Calculating the moment of inertia of a solid sphere

[Rahulrj]

Homework Statement

To calculate moment of inertia of a solid sphere of uniform density[/B]

Homework Equations

$$ I = \int r^2 dm$$

The attempt at a solution

I consider an elemental disk of small thickness $d\theta$
$dm = \frac{M}{4/3 \pi R^3}*\pi R^2\cos^2\theta* Rd\theta$
Therefore $dI = r^2 dm = R^2\cos^2\theta dm$ r is the distance from the axis to the disc which is same as $R\cos\theta$
Then I do the integration $I = \int_\frac{-\pi}{2}^\frac{\pi}{2} dI$

As I am getting a $\cos^4\theta$ I am not able to get the answer $2/5 MR^2$
Can someone tell me if I have gone wrong anywhere in what I have written above?

 

[andrewkirk]

Your first formula implies that $R\,d\theta$ is the height of the incremental disc. It is not. It is the length of the slanted edge of the disc. What do you have to multiply that length by to give the height?

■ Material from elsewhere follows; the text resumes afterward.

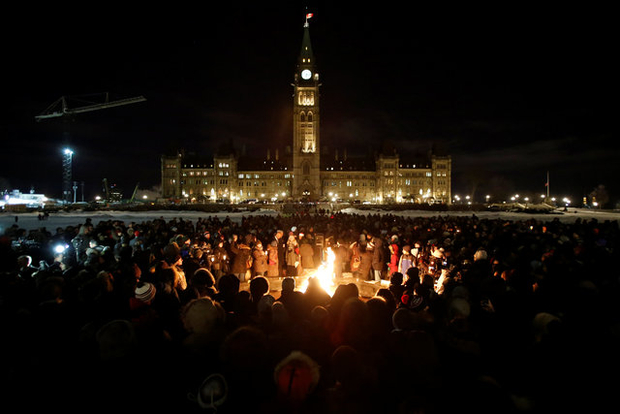 Photo : veillée autour de la Flamme du centenaire, sur la colline du parlement à Ottawa (Canada), suite à une fusillade mortelle dans une mosquée de Québec, le 30 janvier 2017 (Reuters).

Also, the moment of inertia of the incremental disc is not $r^2\,dm$. Look at this list of moments of inertia to see what it should be.

 

[Rahulrj]

Your first formula implies that $R\,d\theta$ is the height of the incremental disc. It is not. It is the length of the slanted edge of the disc. What do you have to multiply that length by to give the height?

So then instead of $Rd\theta$ it will be $R\cos\theta d\theta$? and yes the MoI of disk is $1/2MR^2$
So now I have to evaluate $\cos^5x$?

 

[andrewkirk]

Yes. You can use multiple angle formulas to do this.
Alternatively, you might prefer to integrate with respect to $z$ instead of $\theta$. That gives an easier integration - but the same result of course.